A recent Supreme Court of Queensland judgement has cemented the long-established principle of secured creditors retaining the proceeds (ahead of claims by priority creditors) of any funds advanced to a company in receivership in order to facilitate a trade-on of the business. As those familiar with the corporate insolvency industry would be well aware, the claims of employees (amongst other things) are sometimes required to be paid ahead of the secured creditor(s). Ordinarily, Secured Creditors are entitled to claim the proceeds of any secured debts, however the operation of Section 433 (Receivership) and Section 561 (Liquidation) of the Corporations Act formalise the requirement to pay out employee claims prior to the payment of secured creditors (reference available upon request) from assets secured by a circulating security interest.

The case in question concerns an automotive components manufacturer, CMI Industrial Pty Limited which had gone into receivership and was later placed into Liquidation. Upon their appointment by the first-ranking secured creditor, the receivers undertook to continue to trade the business of the company by purchasing raw materials and producing saleable inventory. The receivers were successful in this regard and produced a significant cash surplus. The Liquidators, following their subsequent appointment contended that these proceeds, in addition to the other assets of the company were subject to the provisions of Section 433 of the Act which accords priority to the employees of the Company.

The established view of the operation of this statue is that it creates an obligation on the part of the receivers to employ the assets of the company as identified on the date of the appointment of the receiver. Any assets forwarded to the Company following the appointment of a receiver, such as cash forwarded by a Secured Creditor to enable the trading-on of the business, would not be subject to the provisions of S433 (awarding special priority to employees) , which infers that the proceeds of such actions would necessarily flow back to the Secured Creditors.

Fortunately for lenders, Justice Mullins did not contravene the existing precedence and found in favour of the Secured Creditors. In her judgement she found that the Liquidator’s contention that assets acquired by the Company following the appointment of a receiver were subject to the provisions of S433 was unfounded. Justice Mullins noted that the extent of the assets available for distribution to priority creditors extends from the definition set out in S433(2)(a) which operates from the date of appointment of a receiver (reference available upon request).
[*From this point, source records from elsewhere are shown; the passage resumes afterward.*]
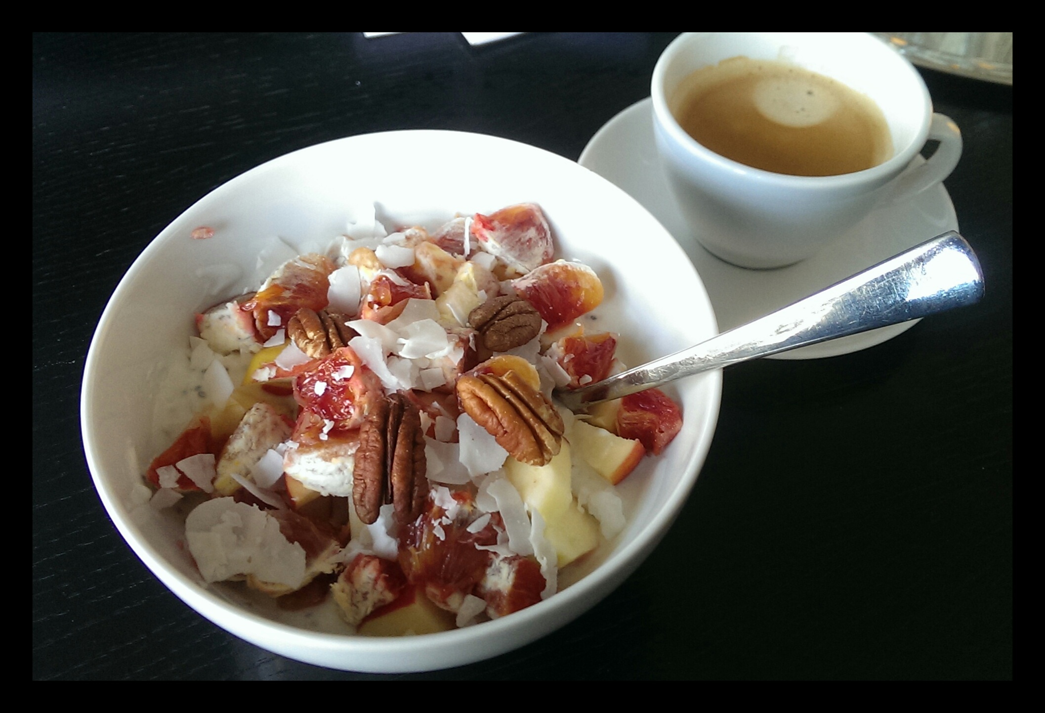 1 Blutorange schälen, klein schneiden und auf den Joghurt geben, mit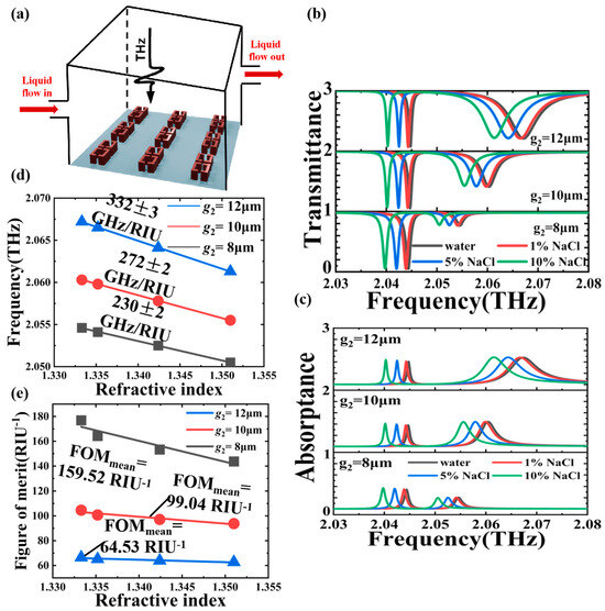 The Fano resonance characteristics of metasurfaces are influenced by the surrounding background medium, making them promising for liquid sensing applications [65]. We designed a metasurface liquid sensor featuring Al cuboid dimer clusters, a SiO2 substrate, and an integrated microfluidic channel, as shown in Figure 5a. The sensitivity (S) is defined as the resonant frequency shift per unit refractive index change, using the formula [66], where represents the resonance peak frequency shift and is the refractive index change of the analyte liquid. The figure of merit (FOM) is defined as FOM = S/FWHM, where FWHM is the full width at half maximum. As shown in Figure 5b,c, increasing the refractive index of liquid from 1.3333 to 1.351 results in a redshift of the resonant frequency. When g2 is 12, 10, and 8 μm, the maximum absorption rates of the DSRR in quasi-BIC mode are 47%, 44%, and 19%, respectively. The overall structure of the DSRR is immersed in water at room temperature and pressure, and the thermal radiation generated by THz electromagnetic waves can be ignored [67]. The refractive index corresponding to NaCl solutions at concentrations of 0%, 1%, 5%, and 10% are 1.3333, 1.3352, 1.3424, and 1.351, respectively [67]. When g2 = 12 μm, the Fano resonance dips across different background media occur between 2.06 and 2.07 THz, with an average FWHM of 64.53 RIU−1. When g2 = 10 μm, the Fano resonance dips occur between 2.054 and 2.064 THz, with an average FWHM of 99.04 RIU−1. When g2 = 8 μm, the Fano resonance dips occur between 2.047 and 2.057 THz, with an average FWHM of 159.52 RIU−1. As shown in Figure 5c,d, when g2 = 12, 10, 8 μm, the average values of refractive index sensitivity are S = 332 ± 3, 272 ± 2, and 230 ± 2 GHz/RIU−1, respectively. Notably, when g2 = 12 μm, the refractive index sensitivity better linearity compared to other g2. Additionally, we compared our work with others, showing better performance (as shown in Table 2). This enhanced linearity ensures more accurate and consistent detection, making the metasurface sensor highly suitable for liquid sensing applications, where precise measurement of refractive index changes is crucial.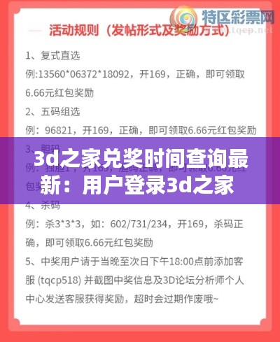 为了方便用户查询兑奖时间,3D之家提供了最新的兑奖时间查询服务。以下是3D之家兑奖时间查询的最新动态: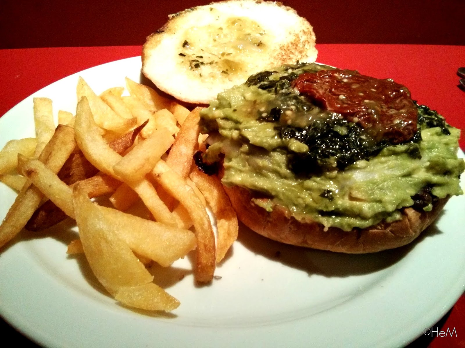 La otra víctima fue la hamburguesa Aguacatex, la cual adolece de los mismos puntos débiles que su predecesora en esta reseña: carne escasa e insípida, con la salvedad de que a quien la probó sí que le gusta la carne muy hecha, por lo que el "problema" del punto aquí no existió. Sin duda, lo mejor, además de lo comentado arriba, es el tomate seco, de potente sabor, aunque el lado negativo lo aporta un, también excesivo uso del aceite de albahaca, lo que hace que el panecillo quede bastante grasoso.

Accordingly, any assets acquired following the appointment of a receiver would not be subject to S433 and should be distributed to the Secured Creditor.

This decision reaffirms the established principle held by many in the insolvency industry that any funds generated by the trading-on of a business following the appointment of a receiver should not be subject to the provisions of S433. This should provide some assurance to secured creditors looking to take an active role in the recovery of debts in a receivership scenario whilst providing a clearer outline of the funds required to be paid in respect of employee claims.